(WORK INSTRUCTION) When you restate the data, keep every word as it is and drop the images.

(DATASET EXCERPT)
▬▬▬▬▬▬▬▬▬▬

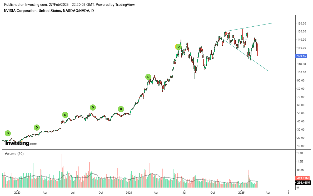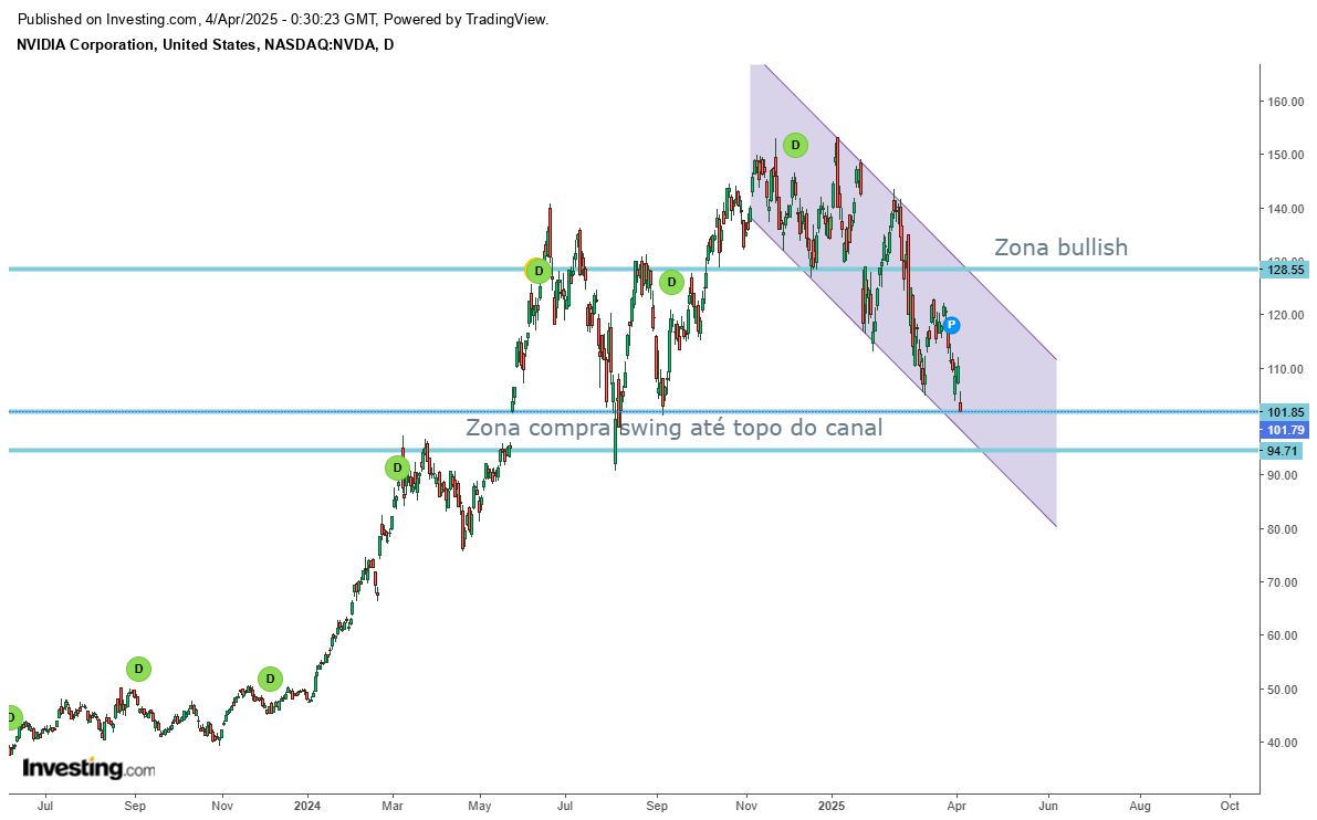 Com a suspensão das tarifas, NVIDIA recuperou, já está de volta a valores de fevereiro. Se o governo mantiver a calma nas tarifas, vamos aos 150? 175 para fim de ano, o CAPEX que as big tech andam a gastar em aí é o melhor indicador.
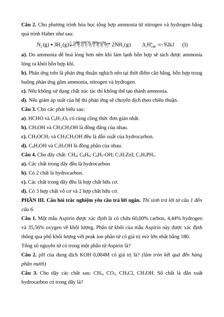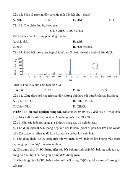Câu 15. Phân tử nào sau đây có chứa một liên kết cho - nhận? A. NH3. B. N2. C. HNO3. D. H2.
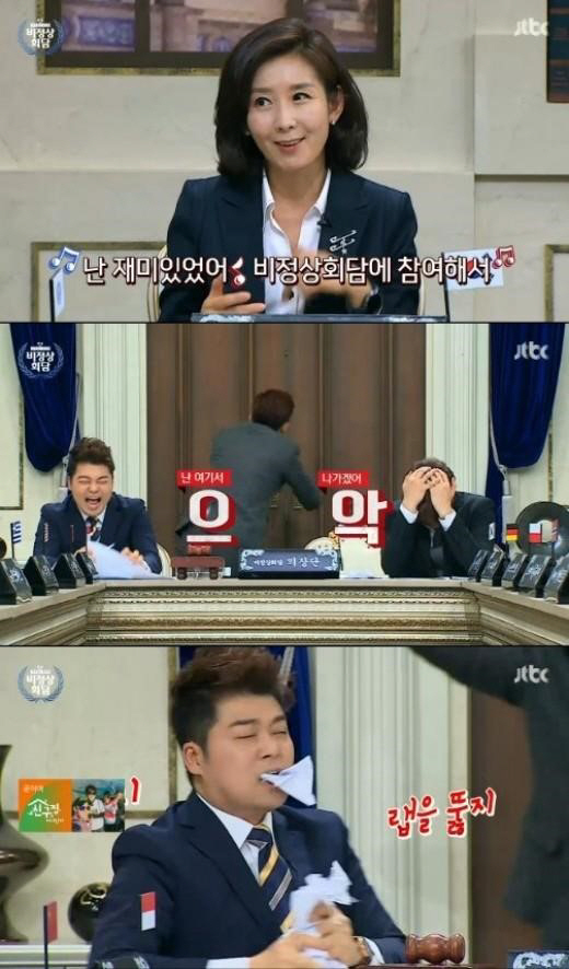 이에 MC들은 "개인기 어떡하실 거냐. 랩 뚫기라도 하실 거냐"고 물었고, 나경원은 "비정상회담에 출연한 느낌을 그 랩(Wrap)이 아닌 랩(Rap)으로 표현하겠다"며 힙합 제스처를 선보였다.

▬▬▬▬▬▬▬▬▬▬

(RESPONSE)
 Com a suspensão das tarifas, NVIDIA recuperou, já está de volta a valores de fevereiro. Se o governo mantiver a calma nas tarifas, vamos aos 150? 175 para fim de ano, o CAPEX que as big tech andam a gastar em aí é o melhor indicador.
Câu 15. Phân tử nào sau đây có chứa một liên kết cho - nhận? A. NH3. B. N2. C. HNO3. D. H2.
 이에 MC들은 "개인기 어떡하실 거냐. 랩 뚫기라도 하실 거냐"고 물었고, 나경원은 "비정상회담에 출연한 느낌을 그 랩(Wrap)이 아닌 랩(Rap)으로 표현하겠다"며 힙합 제스처를 선보였다.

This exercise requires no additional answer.